> [What is expected] Using the listing below, copy exactly each line from the one that has "Highlighted blend of" through the one that has "Akustische Hohlwanddosen helfen"; omit the pictures.

> [Listed records]
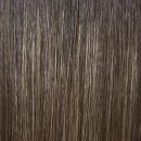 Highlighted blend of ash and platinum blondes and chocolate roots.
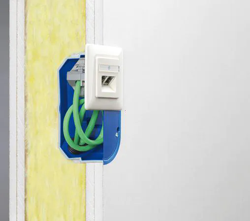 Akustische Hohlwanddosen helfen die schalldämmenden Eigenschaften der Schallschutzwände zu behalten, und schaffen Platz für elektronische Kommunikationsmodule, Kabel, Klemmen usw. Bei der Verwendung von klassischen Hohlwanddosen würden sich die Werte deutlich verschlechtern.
* * *
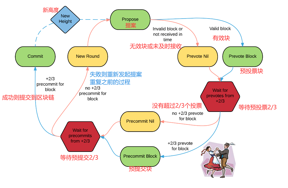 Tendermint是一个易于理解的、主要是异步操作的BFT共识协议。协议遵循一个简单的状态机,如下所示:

> [Result]
 Highlighted blend of ash and platinum blondes and chocolate roots.
 Akustische Hohlwanddosen helfen die schalldämmenden Eigenschaften der Schallschutzwände zu behalten, und schaffen Platz für elektronische Kommunikationsmodule, Kabel, Klemmen usw. Bei der Verwendung von klassischen Hohlwanddosen würden sich die Werte deutlich verschlechtern.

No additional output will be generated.